WHAT YOU WILL DO:
What is needed is an exact copy of the lines in the listing below, from the one with "會上,EK工業(yè)冷熱源" up to and including the one with "株式会社primeNumber(本社:東京都目黒区、代表取締役CEO:田邊 雄樹)は、社外取締役にStill Day", with no other lines.

RECORDS SHOWN:

========================================

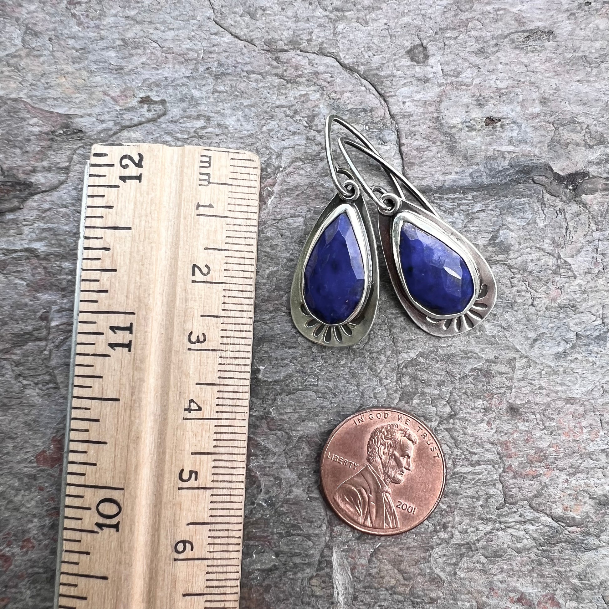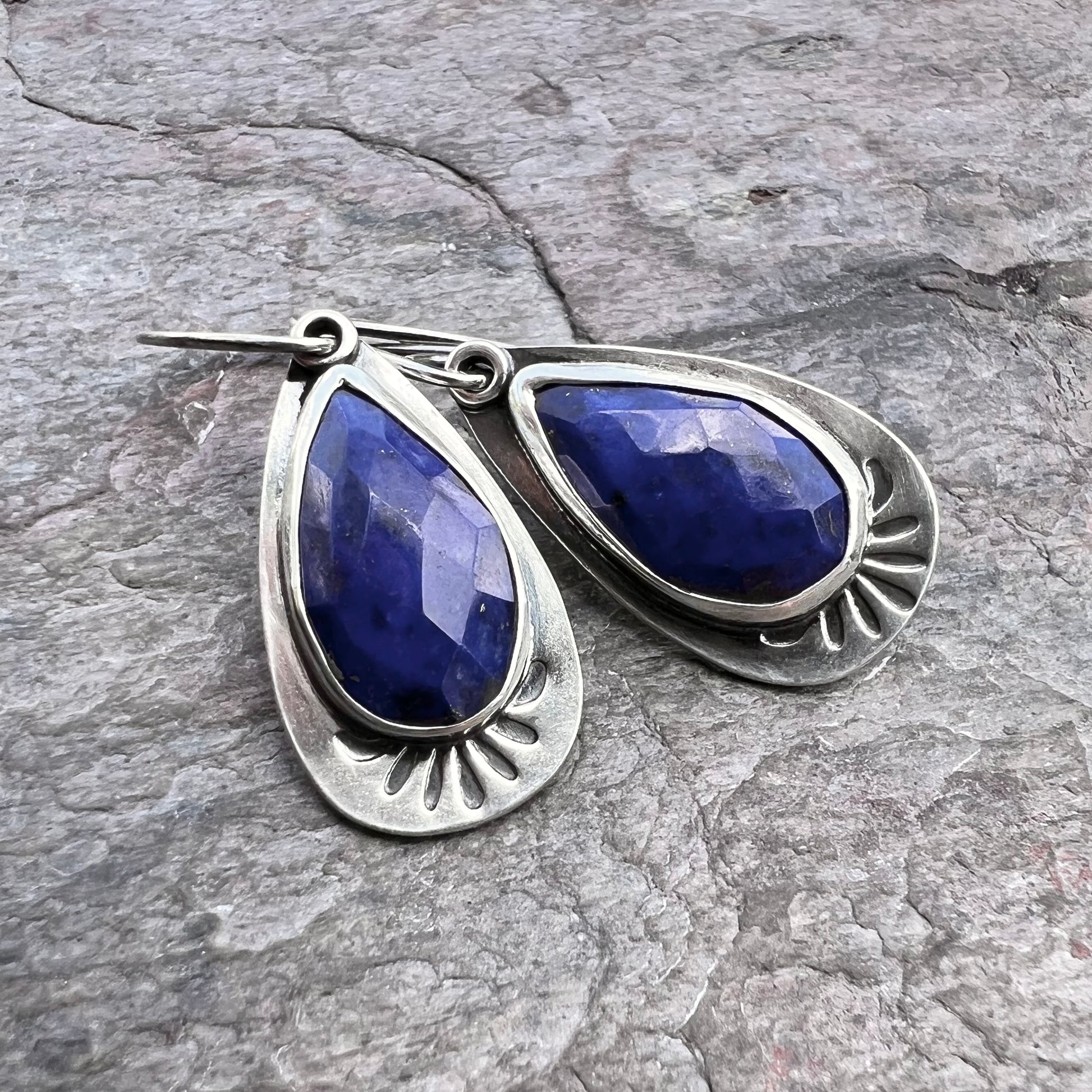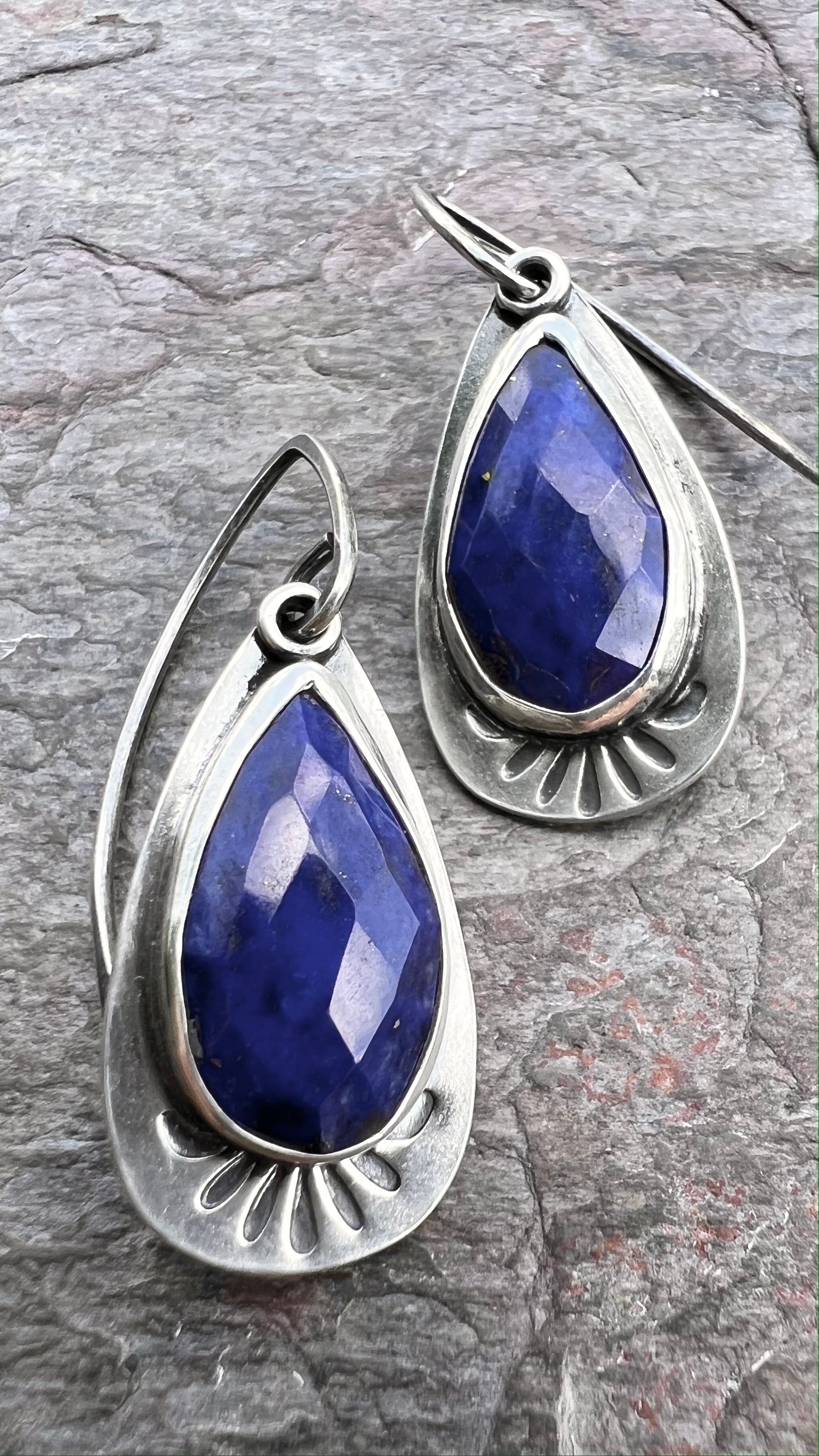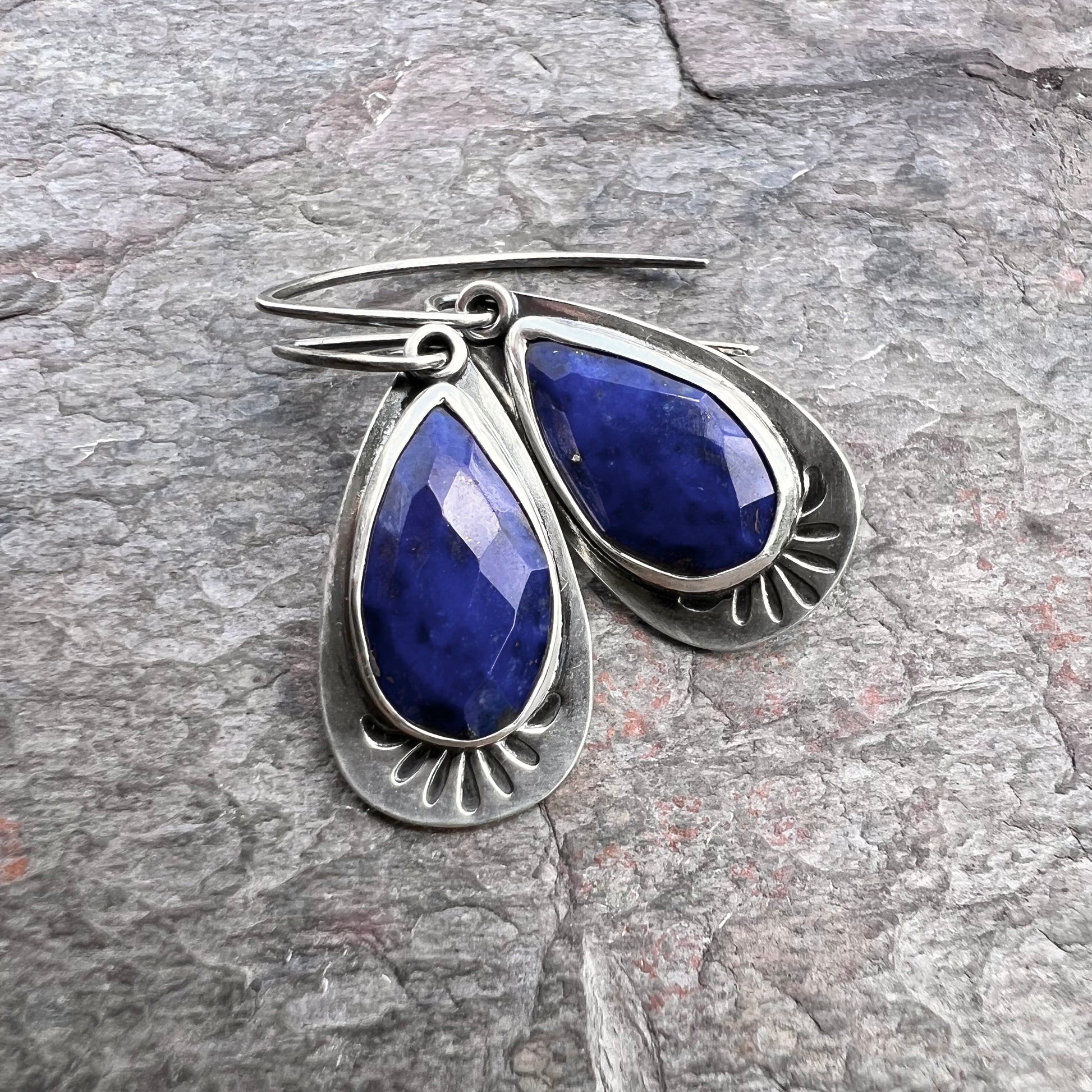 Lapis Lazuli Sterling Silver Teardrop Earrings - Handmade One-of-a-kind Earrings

========================================

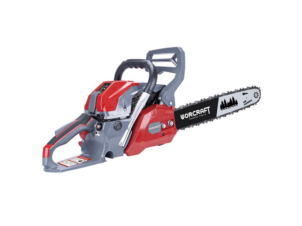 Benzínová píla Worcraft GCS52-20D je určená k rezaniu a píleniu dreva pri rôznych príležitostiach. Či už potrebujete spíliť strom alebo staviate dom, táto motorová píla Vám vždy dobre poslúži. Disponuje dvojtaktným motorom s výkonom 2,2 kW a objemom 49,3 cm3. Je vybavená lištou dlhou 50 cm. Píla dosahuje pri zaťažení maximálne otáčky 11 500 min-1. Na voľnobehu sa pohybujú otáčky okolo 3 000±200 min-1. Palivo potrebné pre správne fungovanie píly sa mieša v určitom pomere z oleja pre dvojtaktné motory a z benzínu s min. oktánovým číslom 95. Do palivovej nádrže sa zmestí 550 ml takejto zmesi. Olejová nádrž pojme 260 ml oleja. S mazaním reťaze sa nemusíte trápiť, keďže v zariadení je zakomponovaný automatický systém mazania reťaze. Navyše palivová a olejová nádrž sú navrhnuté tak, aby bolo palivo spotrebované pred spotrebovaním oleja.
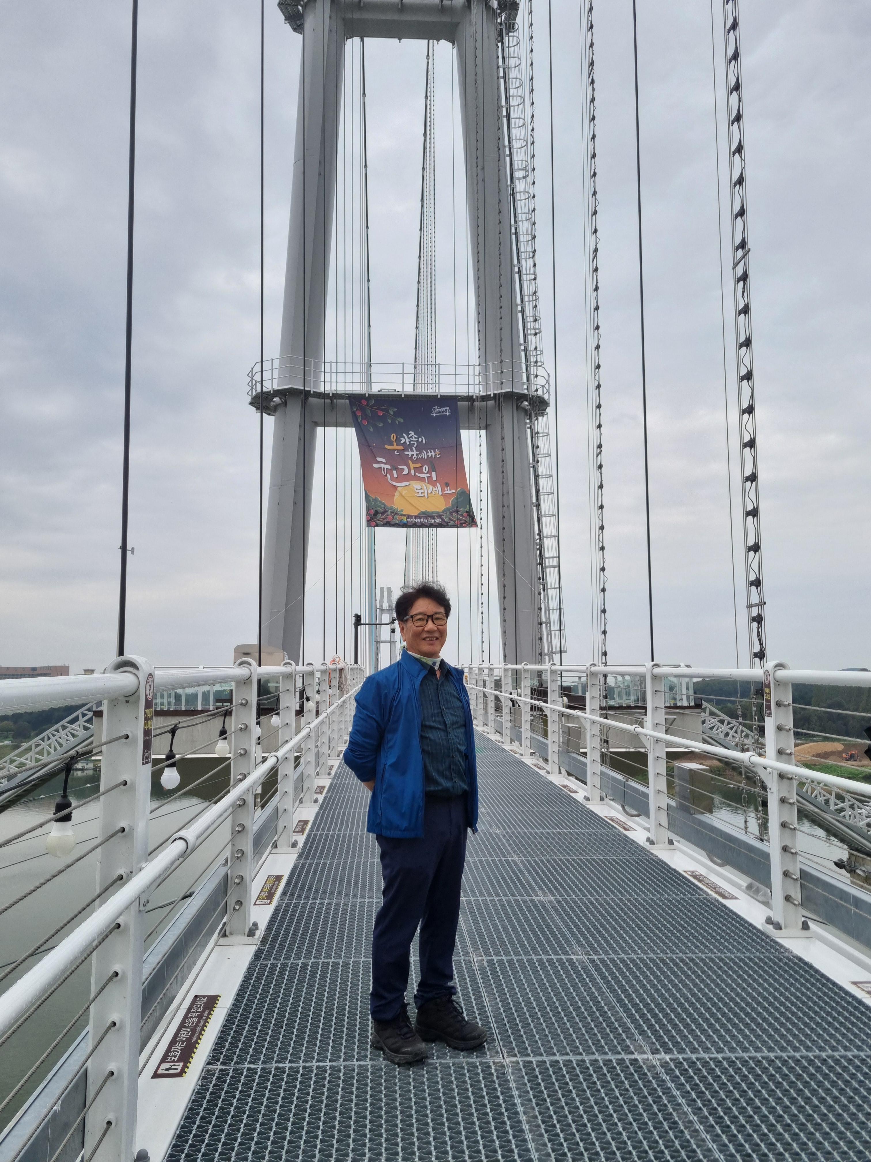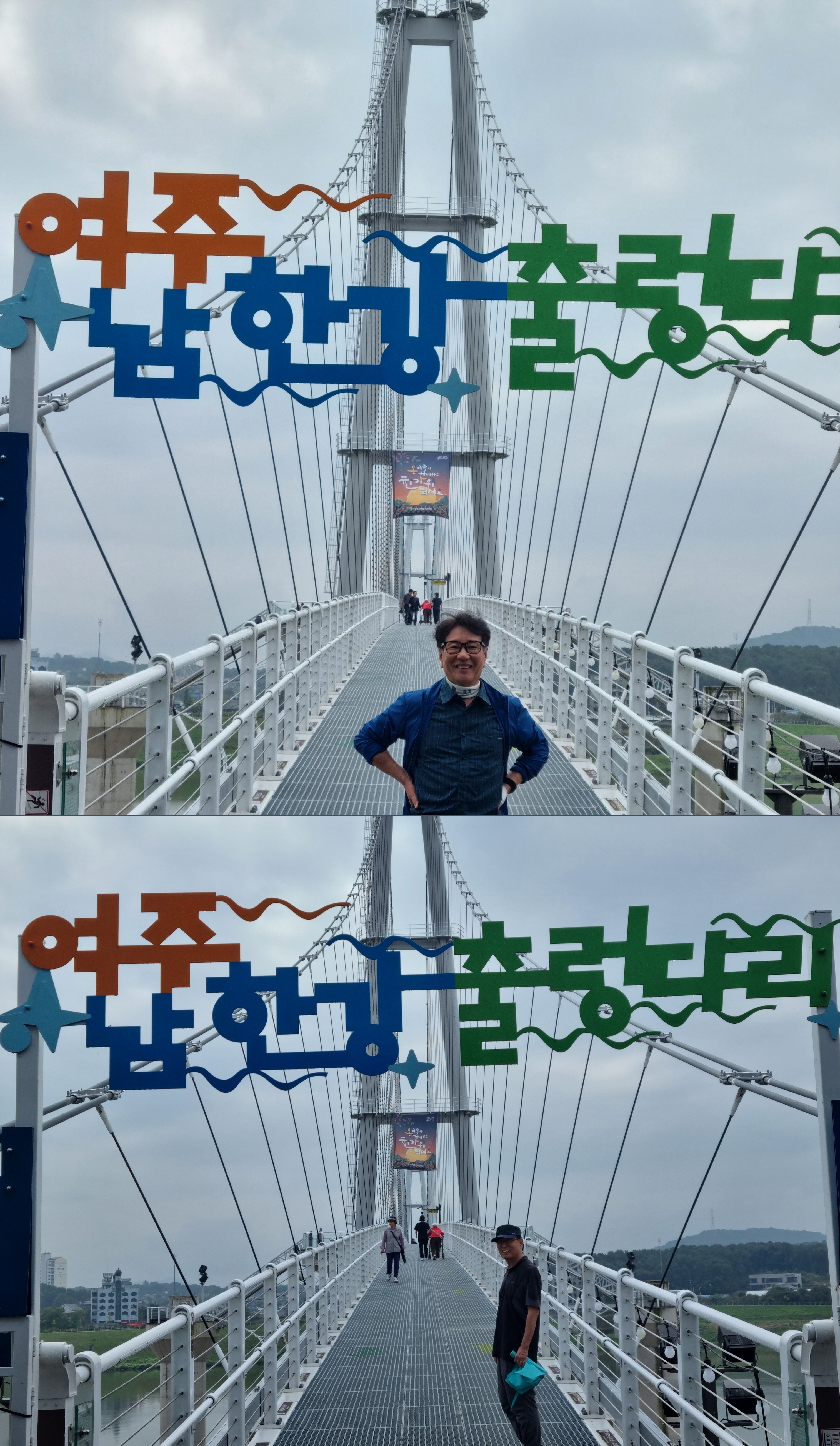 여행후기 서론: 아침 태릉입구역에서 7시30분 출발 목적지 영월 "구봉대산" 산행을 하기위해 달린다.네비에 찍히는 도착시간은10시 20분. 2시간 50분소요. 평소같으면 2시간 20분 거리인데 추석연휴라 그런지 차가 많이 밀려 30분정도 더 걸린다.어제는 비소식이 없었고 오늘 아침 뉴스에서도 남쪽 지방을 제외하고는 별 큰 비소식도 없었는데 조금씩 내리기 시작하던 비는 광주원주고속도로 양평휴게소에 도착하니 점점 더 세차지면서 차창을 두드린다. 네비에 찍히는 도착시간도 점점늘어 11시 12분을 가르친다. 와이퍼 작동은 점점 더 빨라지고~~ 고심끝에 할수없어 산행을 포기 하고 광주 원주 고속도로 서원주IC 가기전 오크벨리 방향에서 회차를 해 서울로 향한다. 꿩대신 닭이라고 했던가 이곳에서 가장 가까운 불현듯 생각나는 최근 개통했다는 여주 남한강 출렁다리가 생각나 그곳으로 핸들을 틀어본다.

========================================

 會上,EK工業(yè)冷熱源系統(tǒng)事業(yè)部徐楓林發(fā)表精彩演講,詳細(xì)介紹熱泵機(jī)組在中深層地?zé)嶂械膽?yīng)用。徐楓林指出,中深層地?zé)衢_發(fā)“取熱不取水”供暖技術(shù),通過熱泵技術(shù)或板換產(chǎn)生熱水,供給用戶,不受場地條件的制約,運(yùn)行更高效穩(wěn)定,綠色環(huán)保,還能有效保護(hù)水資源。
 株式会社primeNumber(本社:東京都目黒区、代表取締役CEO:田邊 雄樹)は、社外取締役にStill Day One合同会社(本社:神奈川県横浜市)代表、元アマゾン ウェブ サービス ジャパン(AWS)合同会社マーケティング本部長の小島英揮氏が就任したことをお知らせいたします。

========================================

ANSWER FOR THE TASK:
 會上,EK工業(yè)冷熱源系統(tǒng)事業(yè)部徐楓林發(fā)表精彩演講,詳細(xì)介紹熱泵機(jī)組在中深層地?zé)嶂械膽?yīng)用。徐楓林指出,中深層地?zé)衢_發(fā)“取熱不取水”供暖技術(shù),通過熱泵技術(shù)或板換產(chǎn)生熱水,供給用戶,不受場地條件的制約,運(yùn)行更高效穩(wěn)定,綠色環(huán)保,還能有效保護(hù)水資源。
 株式会社primeNumber(本社:東京都目黒区、代表取締役CEO:田邊 雄樹)は、社外取締役にStill Day One合同会社(本社:神奈川県横浜市)代表、元アマゾン ウェブ サービス ジャパン(AWS)合同会社マーケティング本部長の小島英揮氏が就任したことをお知らせいたします。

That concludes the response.